I would have to look at how to make this more robust.
sure, here is the debug output both with --mode wsl
and without:
~
❯ nvidia-ctk --debug cdi generate --mode wsl
DEBU[0000] Locating NVIDIA Container Toolkit CLI as nvidia-ctk
DEBU[0000] Locating "nvidia-ctk" in [/run/wrappers/bin /home/sam/.nix-profile/bin /nix/profile/bin /home/sam/.local/state/nix/profile/bin /etc/profiles/per-user/sam/bin /nix/var/nix/profiles/default/bin /run/current-system/sw/bin /home/sam/bin /usr/local/sbin /usr/local/bin /usr/sbin /usr/bin /sbin /bin]
DEBU[0000] Checking candidate '/run/current-system/sw/bin/nvidia-ctk'
DEBU[0000] Found 1 candidates; ignoring further candidates
DEBU[0000] Found nvidia-ctk candidates: [/run/current-system/sw/bin/nvidia-ctk]

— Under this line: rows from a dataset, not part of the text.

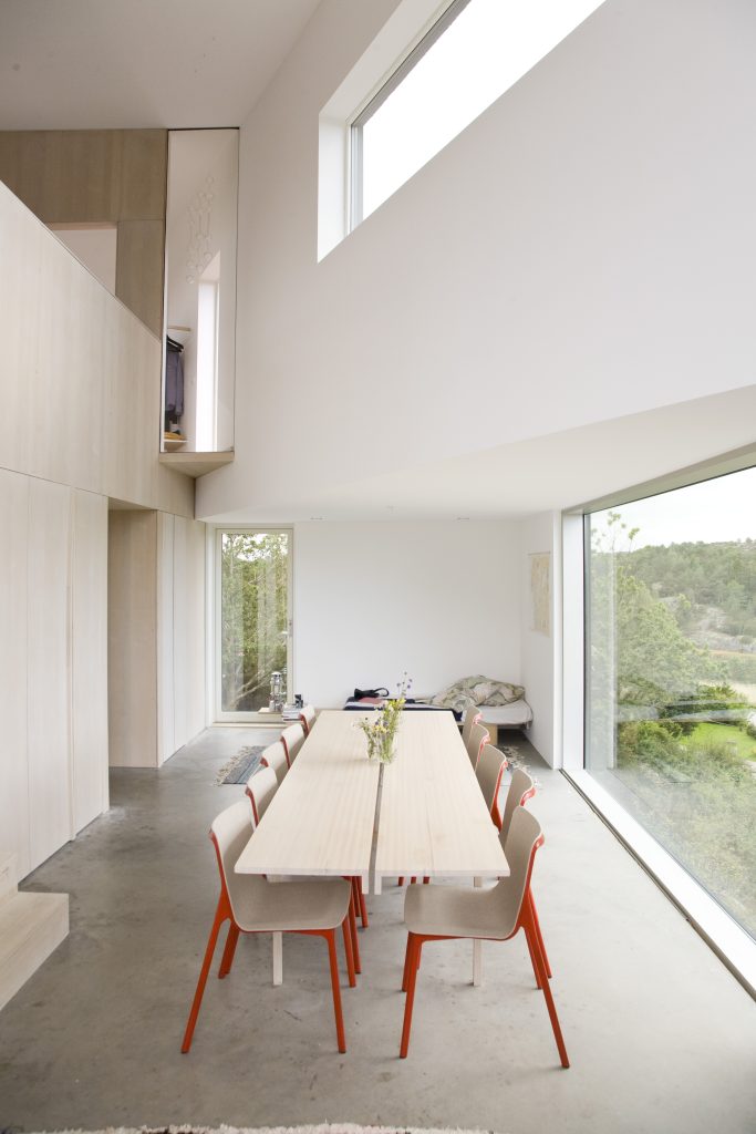 Huset på Flatön har ritats inifrån och ut, vilket har givit fönstren dess placering. Det mest anmärkningsvärda är nog det stora fönstret mot norr som är mycket medvetet placerat. Norrljuset ger rummet ett konstant ljus över hela dagen. I rum med fönster mot norr står tiden stilla, då norrljuset inte har något humör. Huset är som en stor låda. I den har en mindre låda placerats helt klädd i askfanér, som en stor möbel, där alla sovrum, badrum och förvaring finns. Resten är en stor rymd.
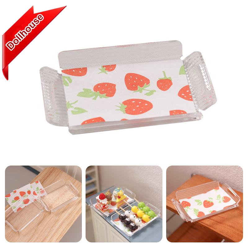 1:12 Dollhouse Miniature Transparent Stripe Tray Mini Tea Tray Fruit Pastry Dessert Storage Tray Dinner Plate Model Decor Toys
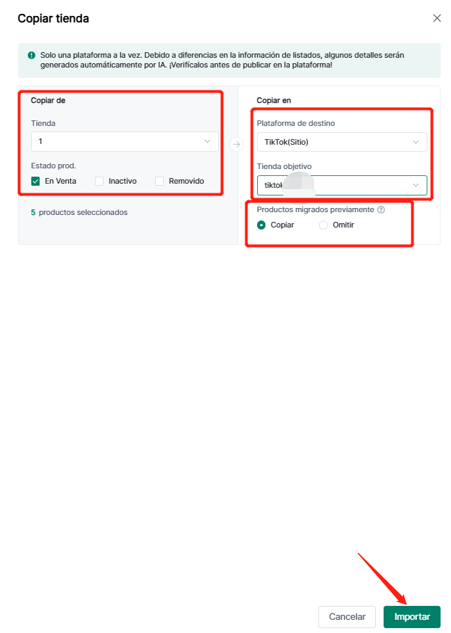 (2) Copiar tienda: seleccione los estados del producto y si desea omitir los artículos migrados previamente

DEBU[0000] Using NVIDIA Container Toolkit CLI path nvidia-ctk
DEBU[0000] Locating /dev/dxg
DEBU[0000] Locating "/dev/dxg" in [/ /dev]
DEBU[0000] Checking candidate '/dev/dxg'
DEBU[0000] Located /dev/dxg as [/dev/dxg]
INFO[0000] Selecting /dev/dxg as /dev/dxg
ERRO[0000] failed to generate CDI spec: failed to create edits common for entities: failed to create discoverer for WSL driver: failed to initialize dxcore: failed to initialize dxcore context
~
❯ nvidia-ctk --debug cdi generate
DEBU[0000] Locating NVIDIA Container Toolkit CLI as nvidia-ctk
DEBU[0000] Locating "nvidia-ctk" in [/run/wrappers/bin /home/sam/.nix-profile/bin /nix/profile/bin /home/sam/.local/state/nix/profile/bin /etc/profiles/per-user/sam/bin /nix/var/nix/profiles/default/bin /run/current-system/sw/bin /home/sam/bin /usr/local/sbin /usr/local/bin /usr/sbin /usr/bin /sbin /bin]
DEBU[0000] Checking candidate '/run/current-system/sw/bin/nvidia-ctk'
DEBU[0000] Found 1 candidates; ignoring further candidates
DEBU[0000] Found nvidia-ctk candidates: [/run/current-system/sw/bin/nvidia-ctk]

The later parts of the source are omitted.